▶ _Dataset content_
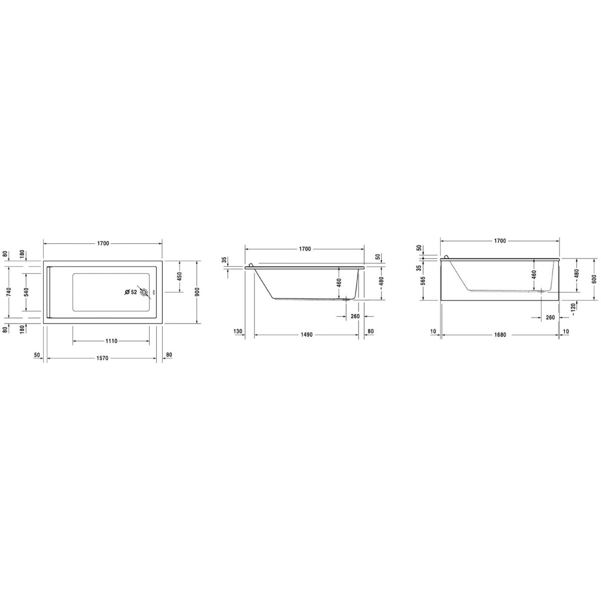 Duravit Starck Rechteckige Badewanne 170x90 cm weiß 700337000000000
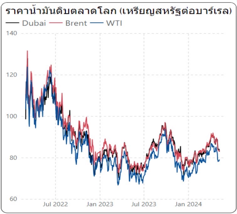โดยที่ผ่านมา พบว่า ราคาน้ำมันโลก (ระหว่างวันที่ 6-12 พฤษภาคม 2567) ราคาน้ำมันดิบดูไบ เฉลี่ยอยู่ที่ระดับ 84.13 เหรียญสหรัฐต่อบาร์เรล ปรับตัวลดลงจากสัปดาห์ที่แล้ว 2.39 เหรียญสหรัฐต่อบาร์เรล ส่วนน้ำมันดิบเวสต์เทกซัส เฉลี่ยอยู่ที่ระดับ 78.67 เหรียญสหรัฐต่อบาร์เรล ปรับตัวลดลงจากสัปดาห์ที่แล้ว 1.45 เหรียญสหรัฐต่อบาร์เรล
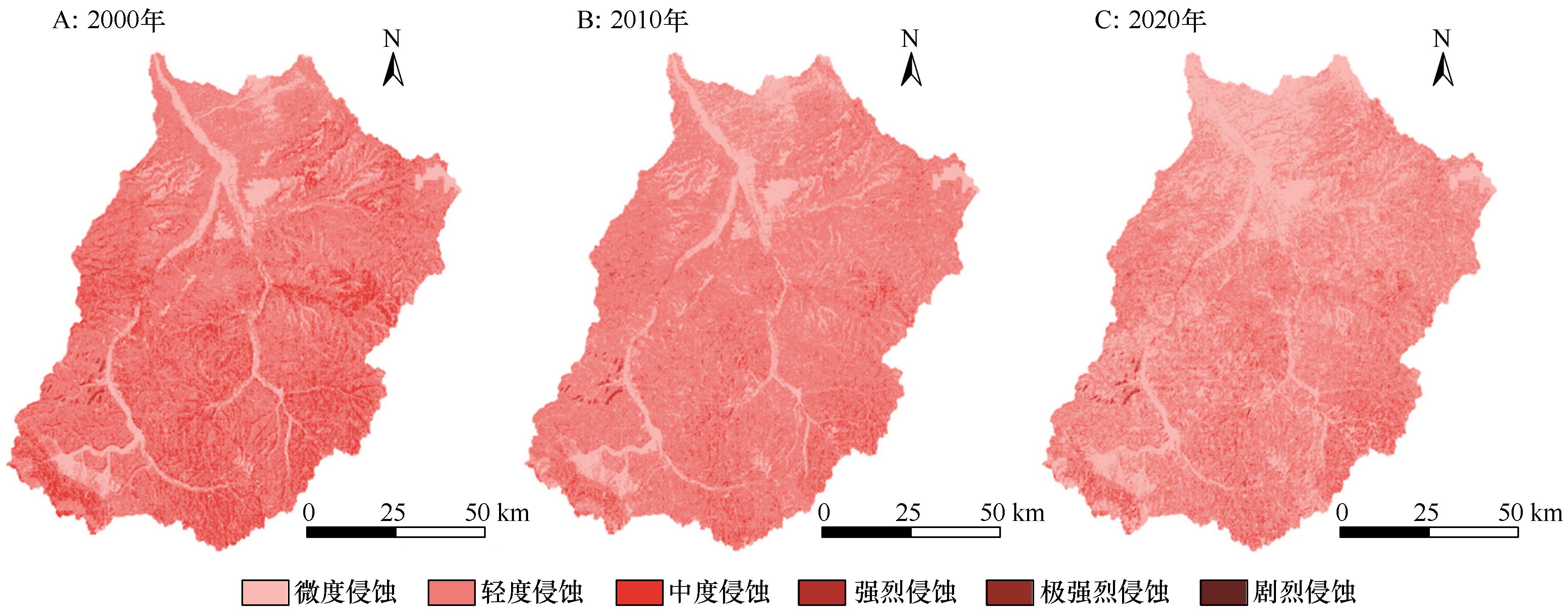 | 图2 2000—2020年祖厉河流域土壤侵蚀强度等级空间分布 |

▶ _Assignment_
The material above should be printed again exactly, with each picture left out.

▶ _Solved exercise_
 Duravit Starck Rechteckige Badewanne 170x90 cm weiß 700337000000000
โดยที่ผ่านมา พบว่า ราคาน้ำมันโลก (ระหว่างวันที่ 6-12 พฤษภาคม 2567) ราคาน้ำมันดิบดูไบ เฉลี่ยอยู่ที่ระดับ 84.13 เหรียญสหรัฐต่อบาร์เรล ปรับตัวลดลงจากสัปดาห์ที่แล้ว 2.39 เหรียญสหรัฐต่อบาร์เรล ส่วนน้ำมันดิบเวสต์เทกซัส เฉลี่ยอยู่ที่ระดับ 78.67 เหรียญสหรัฐต่อบาร์เรล ปรับตัวลดลงจากสัปดาห์ที่แล้ว 1.45 เหรียญสหรัฐต่อบาร์เรล
 | 图2 2000—2020年祖厉河流域土壤侵蚀强度等级空间分布 |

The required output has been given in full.